How it plays out (in Robs super-oversimplified world)
Why it’s scary
This is scary since where ever we are now, we ARE NOT at the same place this worked for them in the past. We’ve also entirely skipped the part where we identify the problem. Even if the business is identical and we make the same product/service, the way our systems are setup will differ in some fashion. Generally we’re not in the exact same industry, making the differences even greater. Further, the individual who puts this idea forward likely does not understand the specifics of what was done, only the end product (it’s seldom a Director or higher I meet who truely cares to learn the technical specifics). So even if the solution worked exactly as remembered, they do not fully understand the pretzels their tech teams had to wrap themselves into in order to deliver.
How it should play out (in Robs super over-simplified world)
Getting from scary to supportive
Technical teams (whether it be IT, legal, communications, etc) are the experts in solving problems, so we get very concerned when instead we’re fed solutions.
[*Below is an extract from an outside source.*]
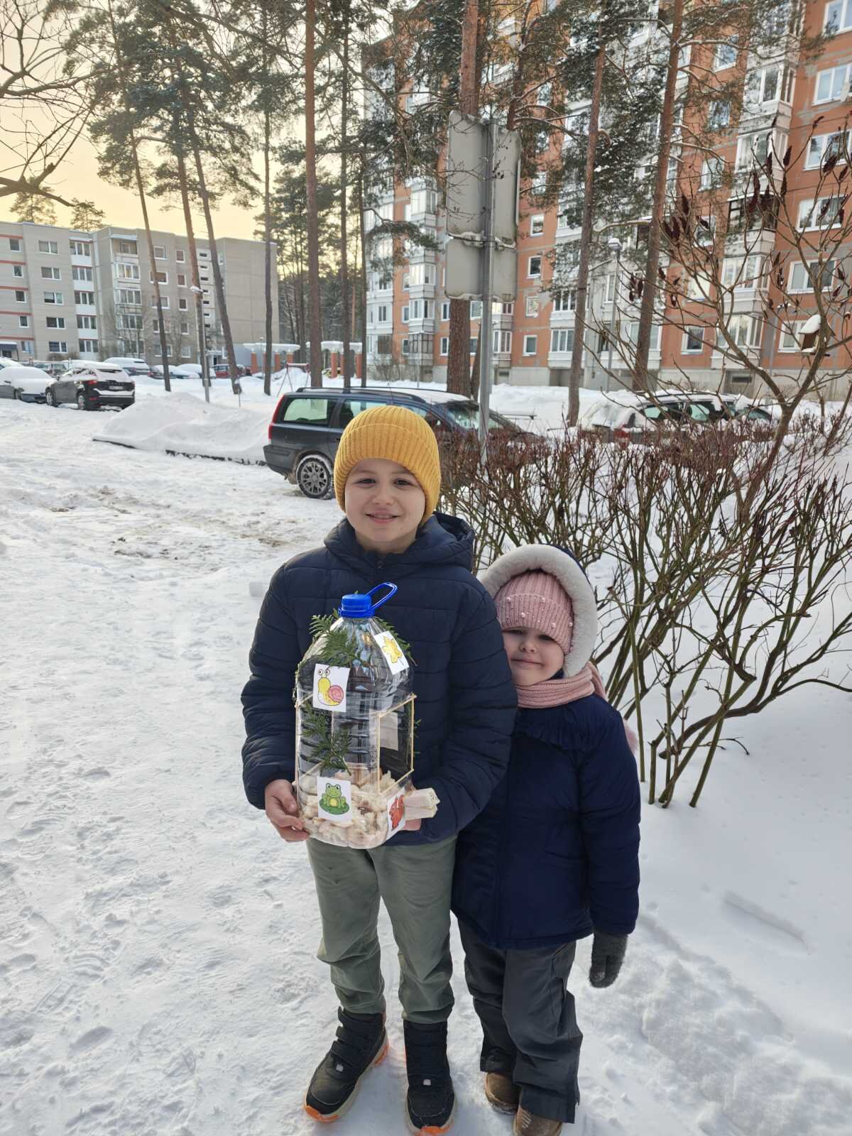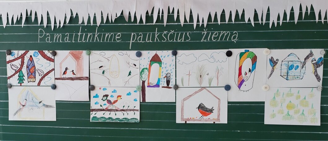 Šią žiemą 2-ųjų klasių mokiniai dalyvavo ekologiniame projekte „Pamaitinkite paukščius žiemą“. Pagrindinis projekto tikslas – formuoti vaikų rūpestingą požiūrį į gamtą ir atkreipti dėmesį į pagalbą žiemojantiems paukščiams. Projekto metu mokiniai kartu su mokytojomis sužinojo, kodėl paukščiams sunku susirasti maisto šaltuoju metų laiku, kokios paukščių rūšys lieka žiemoti Lietuvoje ir kuo juos galima saugiai lesinti. Iš medžio, plastikinių butelių ir kitų medžiagų, padedami tėvų, mokiniai pagamino patogias lesyklėles sparnuotiesiems svečiams, kurias iškabino balkonuose ir prie namų.

The best way to improve this relationship is, well, to improve the relationship. I personally spend a great deal of time working with my partner teams and sharing the basic concepts / patterns/ processes that my team uses. This helps demystify tech (that said a lot of it is still magic to me) for my partners, and, more importantly, helps build trust. This is needed for those times I have to tell them that what their VP said may have worked somewhere else, but it may not work here.
In the end it all boils down to the strength of relationships with partner teams. These scary phrases will continue to come up, but, they should become less and less scary as time goes on and more and more folks know to trust their tech.